Summary
- Utilize YB available to Curve DAO fully for bribing for crvUSD stablecoin pools (mostly to crvUSD/USDC and crvUSD/USDT, crvUSD/pyUSD, but also can include crvUSD/frxUSD, crvUSD/USDf etc if those collaborate for partner rewards). This stream is dynamic, up to 360k YB per week.
- Raise PegKeeper limits from current $108M crvUSD in total to $300M crvUSD in total.
- Give $1B crvUSD allocation for Yield Basis, giving a capacity of $500M to Yield Basis.
(1) and (2) are necessary economic prerequisite before raising Yield Basis capacity. It is also highly recommended for Yield Basis to prepare admin fee distribion switch to be turned on before raising the capacity to have YB token price immediately reflecting the economic value of the system.
Effect on peg stability and required crvUSD liquidity
Stability of crvUSD is required not only for the health of crvUSD itself but also fot the health of Yield Basis. The presence of yb-BTC Curve pools affects the peg in the following way.
For example, when WBTC is being sold - yb-WBTC pool temporarily gets more WBTC and less crvUSD. Most likely, the trader exchanges to USDC or USDT. So, crvUSD goes to crvUSD/USDC stablecoin pool in this exchange, and the stablecoin pool becomes imbalanced, holding a bit more crvUSD. This makes price of crvUSD less than 1.0. Similarly, when one buys WBTC - crvUSD price becomes bigger than 1.0.
In Yield Basis, two things can be out of balance: one is debt of the releverage AMM (equilibrium fraction of the debt being 50%), and the other is balance of Curve cryptopool, the equilibrium fraction of crvUSD also being 50%.
Debt amount in YB releverage AMM appears very stable even in extreme market volatility:
This is very good because it means that the position is almost ideally 200% collateralized at all times.
Ratio of crvUSD in Curve cryptopool, on the other hand, is more volatile:
If we exclude MEV, crvUSD fraction in cryptopool varies between 40% and 60%, which is deviation from matching the debt by 10% of the value of the Curve cryptopool.
At the moment, YB Curve cryptopools have 100M TVL each (WBTC, cbBTC, tBTC), so the amount of crvUSD which has to be absorbed is 30M.
Stablecoin pools have 50% of them working as a supply sink for crvUSD, and they can probably afford to be misbalanced by another 25%. Thus, the TVL required in Curve cryptopools would be:
Stablecoin pool TVL = 30M / 0.75 = 40M.
This is correct only for current TVL of the cryptopools being 300M which corresponds to YB TVL 150M.
Yield Basis revenues
Revenues which Yield Basis is making should be ideally significantly bigger than incentives to crvUSD pools we are about to make, even if we want to pay those incentives out from YB token inflation designated for “Curve licensing fee”. Even though, YB pools are to be modified with a new version, fundamental underlying earnings and AMM stay the same.
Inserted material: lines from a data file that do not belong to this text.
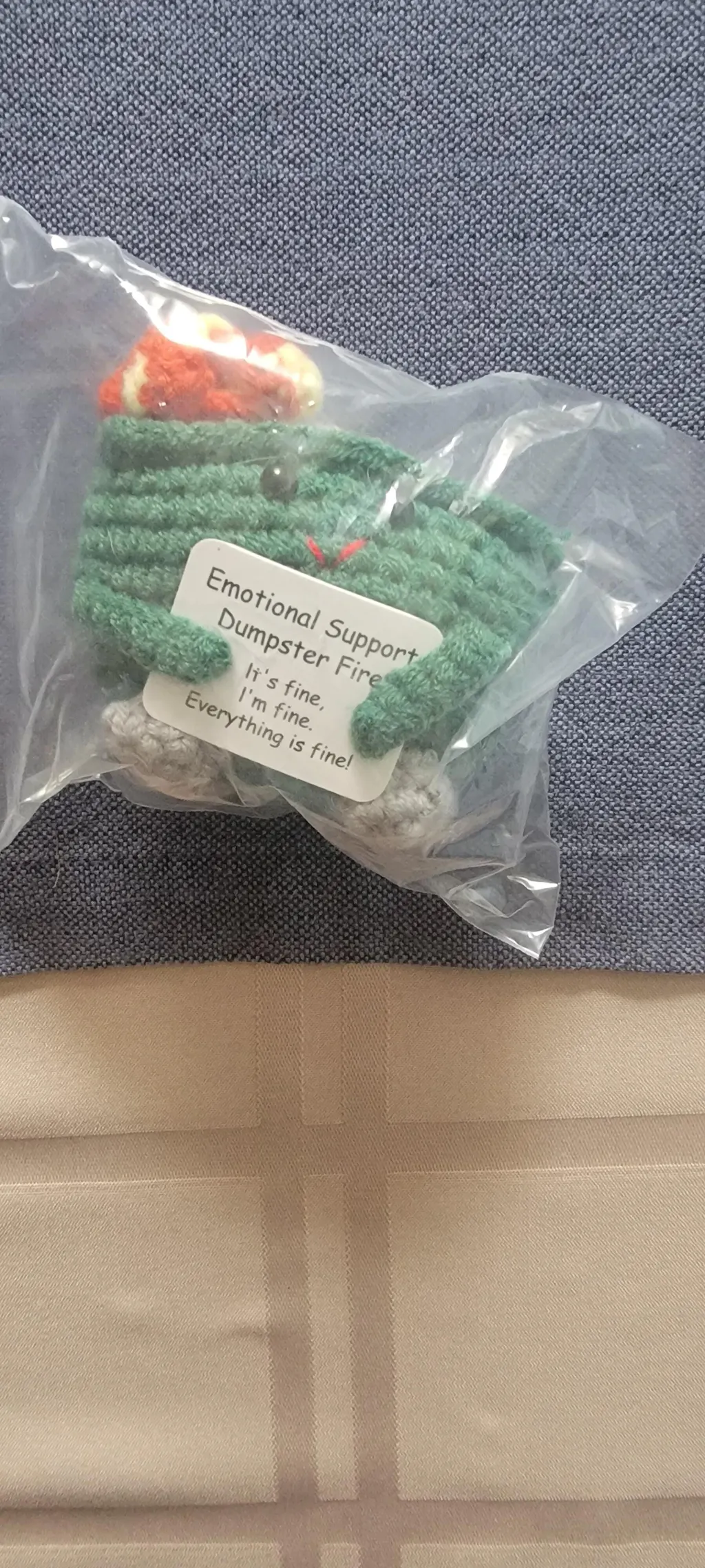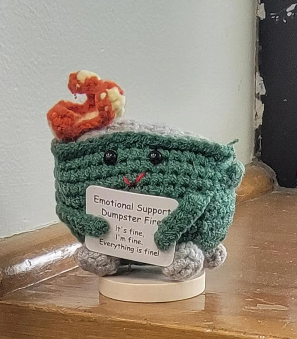 The Handmade Emotional Support Dumpster Fire Burnie is here to lend a comforting embrace whenever you need it. With its soft, hand-knitted design and endearing smile, Burnie is more than just a plush toy; it's a source of comfort, a reminder that you're never alone. Whether it's a tough day or a moment of joy, the Emotional Support Dumpster Fire Burnie is ready to be your loyal companion through it all.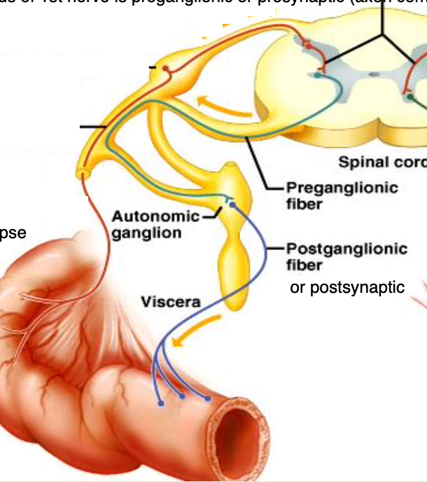* Axon exits the CNS; synapses onto a second autonomic neuron in a ganglion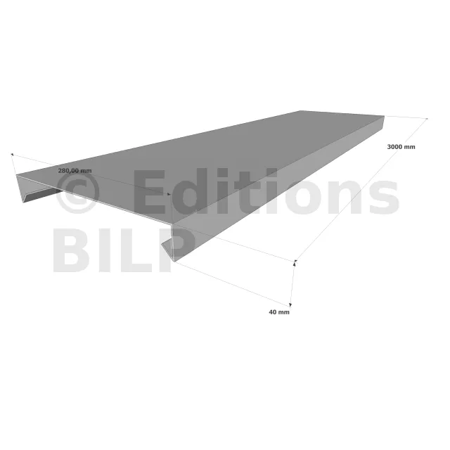 Couvertine d’acrotère plate - Gamme 280 - Aluminium 15/10 - Longueur 3000mm - Réf. CP15-280-3000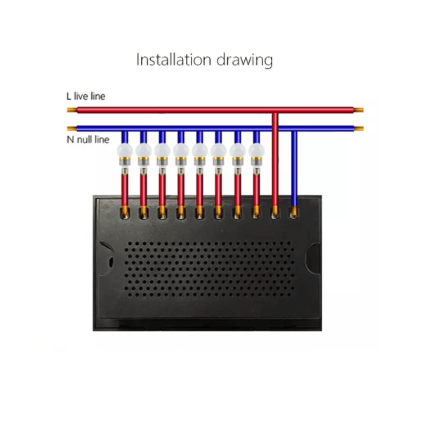 Installation for the Wi-Fi smart switch is straightforward. Turn off power. Connect wires. Secure the switch and download the mobile app for Wi-Fi setup. light switch is compatible with voice assistants like Alexa and Google Home, works with iOS and Android devices, connects to a 2.4GHz Wi-Fi network, and can control standard, LED, and dimmable lights. 8gang switch is designed to fit UK standard electrical wall boxes, ensuring compatibility with existing infrastructure.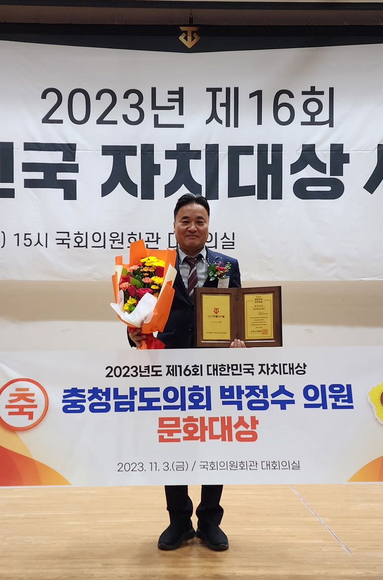 [충남 세계타임즈=백택기 기자] 충남도의회 박정수 의원(천안9·국민의힘)은 3일 국회의원회관 대회의실에서 열린 제16회 대한민국 자치대상에서 광역의회 부문 문화대상 수상의 영예를 안았다.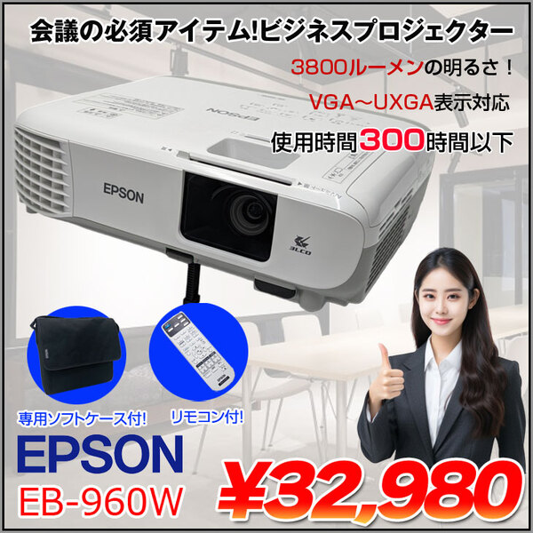 EPSON 液晶プロジェクター EB-960W 使用300時間以下 3800lm UXGA 3LCD方式 HDMI リモコン 専用バッグ付属:良品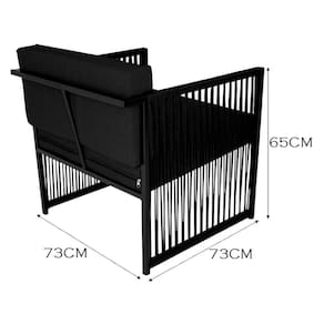 Poltrona Santiago Para área Externa De Corda Náutica Preto/preto A Poltrona Santiago, possui um design artesanal lindo e inovador, deixando seu ambiente ainda mais valorizado. Produzido com material de alta qualidade em aco carbono, conta com assento estofado Impermeavel e espuma D28, alem disso possui acabamento em Corda Nautica, o que proporciona uma adicao excepcional de elegancia ao seu ambiente. Podendo ser usada perto da piscina, no jardim, sala de estar, varanda e onde voce desejar. ESPECIFICACOES TECNICAS: -Material da Estrutura: Aco Carbono; -Material do Enchimento do Assento: Espuma D28; -Material do Encosto: Corda Nautica; -Revestimento do Assento: Impermeavel; -Possui Regulagem de Altura? Nao; -E Giratoria? Nao; -Quantidade de Lugar: 1 Lugar; -Garantia: 3 Meses; -Necessita de Montagem: Nao; -Instrucoes de Cuidado: Limpar com pano umedecido e sabao neutro; -Dimensoes do Produto (LarguraXProfundidadeXAltura): 60x73x65cm; -Conteudo da Embalagem: 01 Poltrona; Marca: ACESSE MÓVEIS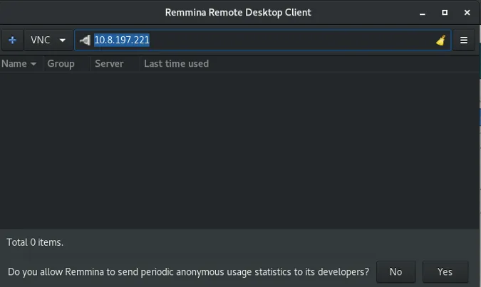 勾选 “vnc-server”旁边的选框(如下图所示)关闭窗口。接着直接到你远程电脑上的 Remmina,输入你想连接到的 Linux 桌面的 IP 地址,选择 VNC 作为协议,点击回车键。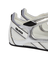 The Attico Silver and White Flat Floor 01 Ballerinas. Silver and white leather and synthetic fabric, round toe, adjustable crisscross double straps, rubber sole with logo detail. DETAILS Model: 250WSH00871MIX024AA002 Composition: 50% Fabric, 50% Leather; Sole: 100% Rubber Made in: ITALY Season: FW25-26

Currently, underlying returns of Yield Basis look like this:
This corresponds to fundamental (not counting any token part) APYs for the part shown on the picture being:
- WBTC market: 15.8% APY;
- cbBTC market: 21.1% APY;
- tBTC market: 13.0% APY.
This averages out to 0.042% per day, or 63K USD worth per day / 442K per week. These are going to be split between liquidity providers and admin fees, and we need crvUSD liquidity pools to consume much less incentives at equilibrium, even if given in “free” YB tokens.
Sustainability of crvUSD pool incentives
Typical APR of stablecoin pools accepted by the market seems to be around 10% APR for crvUSD. For the necessary 40M USD TVL, that means $4M per year, or $11k per day = $77k per week. This is MUCH SMALLER than returns of YB which come down to $442K per week - good!
Now, practically, Curve DAO has a stream of up to 75M YB inflation in total. At today’s YB prices, it comes to up to $158k YB worth of YB per week, as opposed to the required $77k per week. We further amplify it by buying votes, making up to $237k worth of CRV per week, assuming bribing efficiency of 1.5: 3 times lager than required.
It means, if we use ALL YB emissions designated to Curve DAO for bribing votes for crvUSD stablecoin pools (crvUSD/USDC, crvUSD/USDT, crvUSD/pyUSD etc) - we have enough capacity to raise caps of Yield Basis by factor of 3, e.g. to TVL of $500M (1B crvUSD allocation).
PegKeeper capacity
Bribing for crvUSD will create crvUSD pools of a size of 120M, creating a 60M supply sink for crvUSD. If we are looking at raising caps of YB to 500M, we have to prepare PegKeepers to absorb at least +$133M more in crvUSD capacity. Therefore, I propose to increase PegKeeper allowances to be able to absorb in total of around $300M crvUSD, up from the current $108M crvUSD PegKeeper capacity.